There are exciting archaeological developments at the sleepy fishing port of Lowestoft, Suffolk, England. The discovery of stone tools near the town (home of the camp rock band "the Darkness") shows that ancient human beings (probably Homo heidelbergensis or Homo antecessor) were living in Britain 200,000 years earlier than previously surmsed. Dating techniques prove that the chipped flints were made about 700,000 years ago. This makes Lowestoft Man/Woman the earliest inhabitants of northern Europe. British climate was much warmer 700,000 years ago than it is today. These early humans would have shared the banks of the river with now extinct or confined to Africa animals: hippopotamuses, bears, lions, rhinos, sabre-toothed cats, giant deer, mammoths and elephants.

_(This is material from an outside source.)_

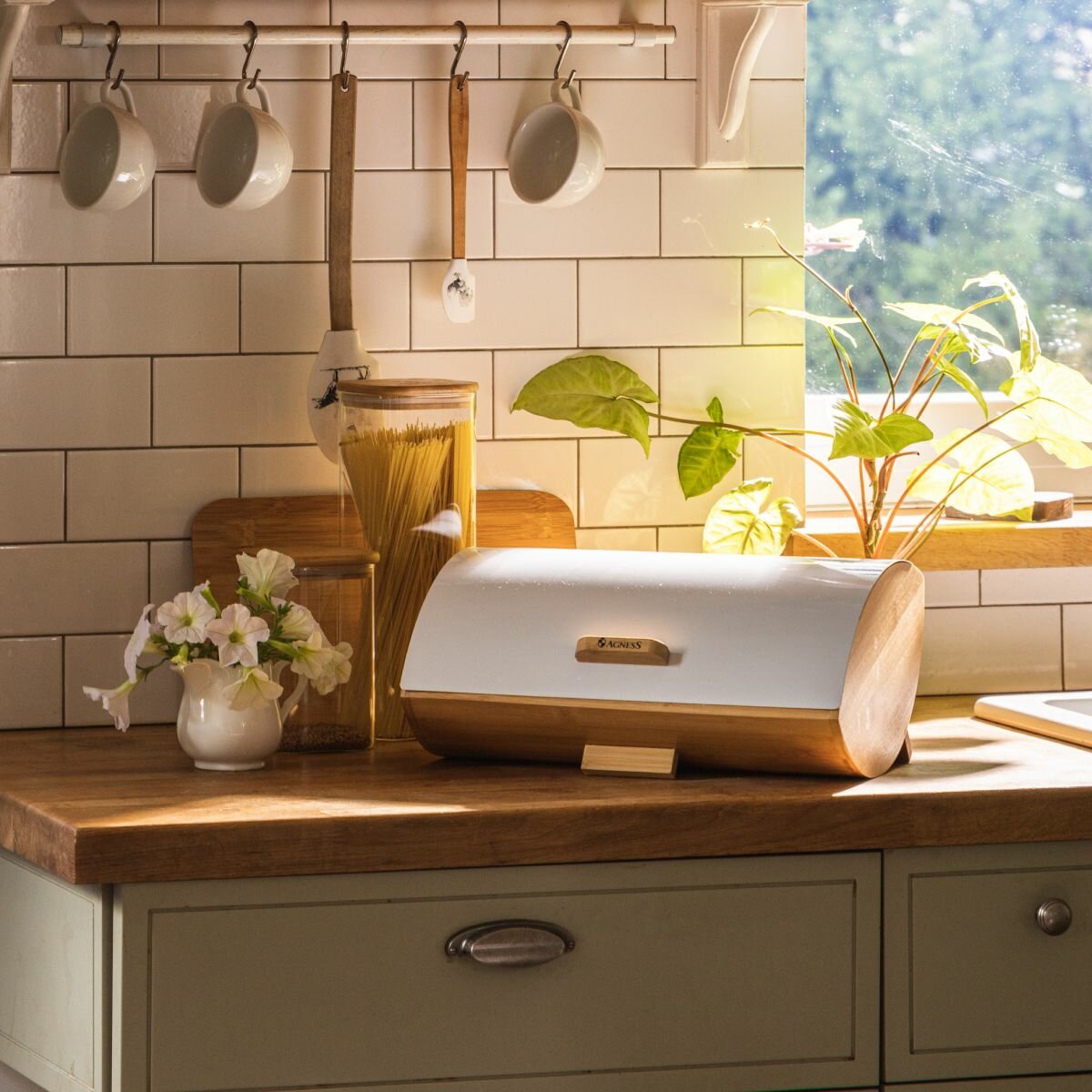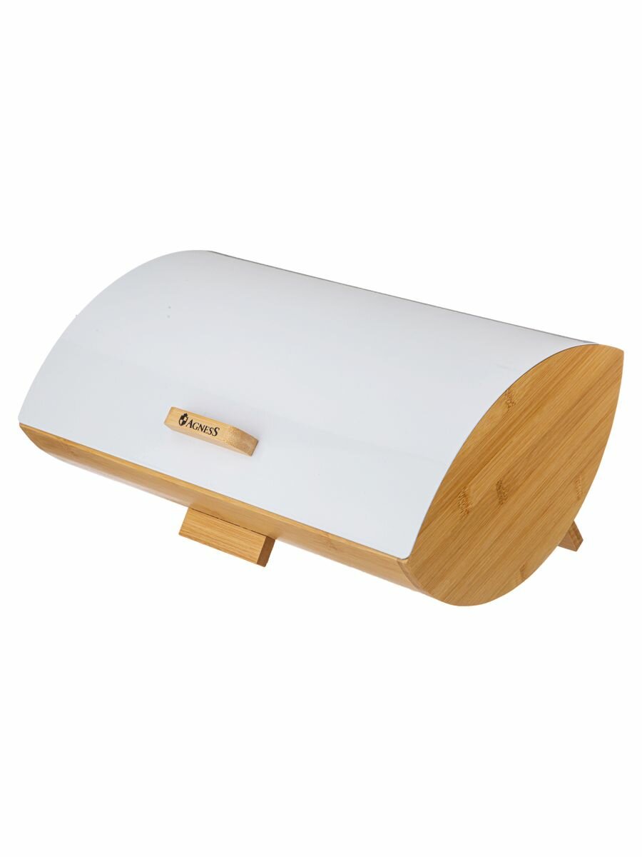 Хлебница Agness White 35х25х15,5см бамбук, крышка сталь окрашенная

For details, see the Dec. 15 issue of the journal Nature.

Ice age art in Britain! Engravings of a deer and other creatures at Creswell Crags in Derbyshire and dated to at least 12,800 years ago have proved to be genuine Ice Age creations and not modern fakes as some had feared. By analyzing the thin film of stalagmite that has formed over the engravings since they were made, archaeologists have shown that the Creswell art is genuine. Alistair Pike of Bristol University and his colleagues reported the evidence in the Journal Of Archaeological Science 32: 1649-1655.